(Stored records)
"""

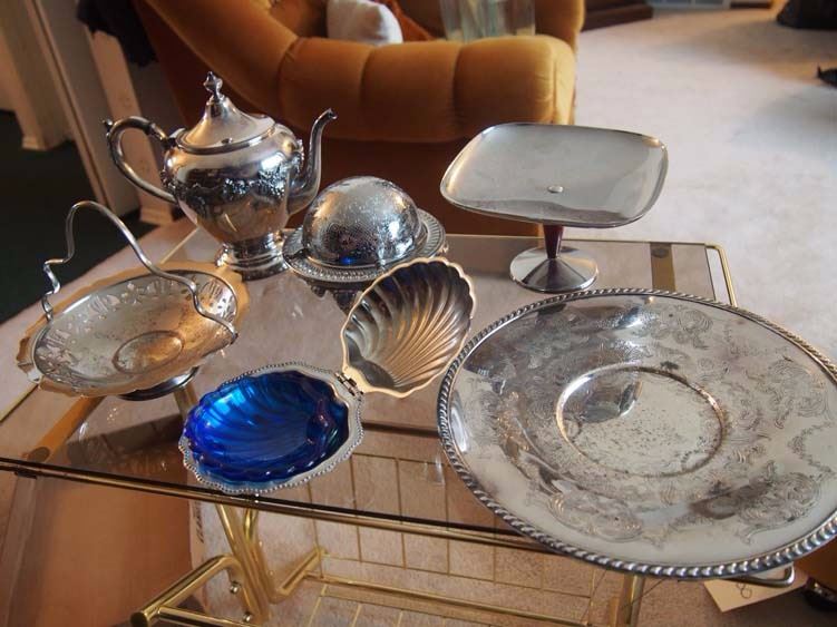 Silver Plated Items (6) Dishes, Kettle, Ashtray, Etc.
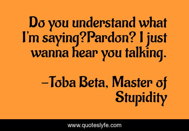 This page presents the quote "Do you understand what I'm saying?Pardon? I just wanna hear you talking.". Author of this quote is Toba Beta, Master of Stupidity. .
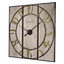 This Vermont Country is a beautiful 45 in. square clock that will be the highlight of your room. Oversize gallery clock designed with eye-catching three-panel metal frame. Bold, raised 4 Arabic numerals in antiqued gold-tone pop against the weathered wood finished in light gray stain. Quartz movement. Clock ships in three pieces for convenient and cost effective shipping. A separate mounting bar is included making it easy to hang. Requires (1) AA battery, not included.
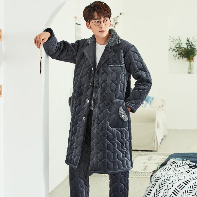 Pajamas Men's Autumn and Winter Coral Fleece Quilted Thickened Flannel Mid-length Warm Suit Pijama Invierno Hombre Dormir Tops
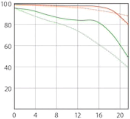 Image Stabilization performance topThis lens has no Optical Image Stabilization (OIS, IS or VR (Vibration Reduction)), instead hoping you have a camera with sensor-shift stabilization. Sensor-shift never works as well as in-lens, as I'll show. "Percent Perfectly Sharp Shots" are the percentage of frames with 100% perfect tripod-equivalent sharpness I get when I'm shooting hand-held while free-standing with no support or bracing. This is a very strict test; in actual shooting at typical print sizes I get acceptable sharpness at much slower speeds, but for the purposes of seeing how much improvement an IS system gives, this is the most precise method. Hand tremor is a random occurrence, so at marginal speeds some frames will be perfectly sharp while others will be in various stages of blur — all at the same shutter speed. This rates what percentage of shots are perfectly sharp, not how sharp are all the frames:
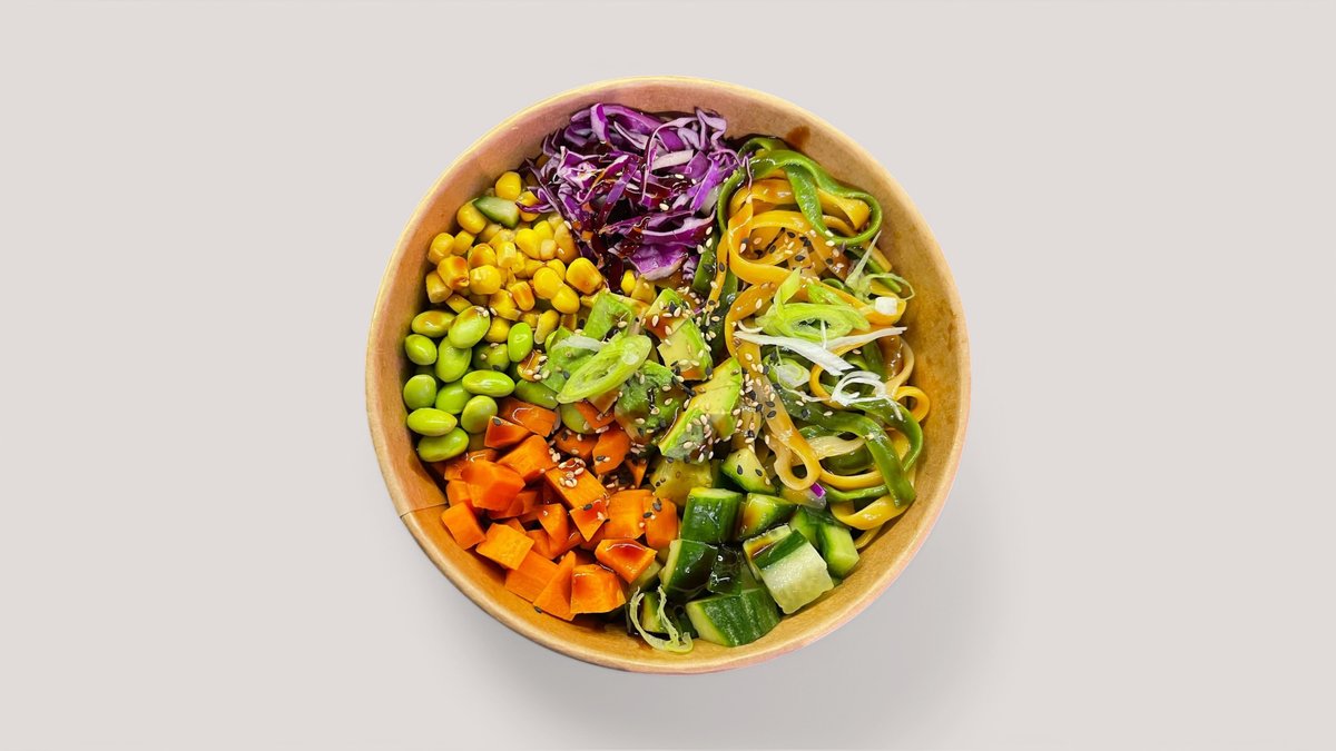 Vegetable noodle (Spinach, carrot & wheat noodles), topped with TF eel sauce, avocado, purple cabbage, cucumber, carrots, edamame beans, spring onions, sweet corns, and sesame seeds, inspired by Hawaiian Somen

"""

DESCRIPTION OF THE TASK = Copy out every line of the data above, taking care to leave the pictures out.

RESPONSE AREA =
 Silver Plated Items (6) Dishes, Kettle, Ashtray, Etc.
 This page presents the quote "Do you understand what I'm saying?Pardon? I just wanna hear you talking.". Author of this quote is Toba Beta, Master of Stupidity. .
 This Vermont Country is a beautiful 45 in. square clock that will be the highlight of your room. Oversize gallery clock designed with eye-catching three-panel metal frame. Bold, raised 4 Arabic numerals in antiqued gold-tone pop against the weathered wood finished in light gray stain. Quartz movement. Clock ships in three pieces for convenient and cost effective shipping. A separate mounting bar is included making it easy to hang. Requires (1) AA battery, not included.
 Pajamas Men's Autumn and Winter Coral Fleece Quilted Thickened Flannel Mid-length Warm Suit Pijama Invierno Hombre Dormir Tops
 Image Stabilization performance topThis lens has no Optical Image Stabilization (OIS, IS or VR (Vibration Reduction)), instead hoping you have a camera with sensor-shift stabilization. Sensor-shift never works as well as in-lens, as I'll show. "Percent Perfectly Sharp Shots" are the percentage of frames with 100% perfect tripod-equivalent sharpness I get when I'm shooting hand-held while free-standing with no support or bracing. This is a very strict test; in actual shooting at typical print sizes I get acceptable sharpness at much slower speeds, but for the purposes of seeing how much improvement an IS system gives, this is the most precise method. Hand tremor is a random occurrence, so at marginal speeds some frames will be perfectly sharp while others will be in various stages of blur — all at the same shutter speed. This rates what percentage of shots are perfectly sharp, not how sharp are all the frames:
 Vegetable noodle (Spinach, carrot & wheat noodles), topped with TF eel sauce, avocado, purple cabbage, cucumber, carrots, edamame beans, spring onions, sweet corns, and sesame seeds, inspired by Hawaiian Somen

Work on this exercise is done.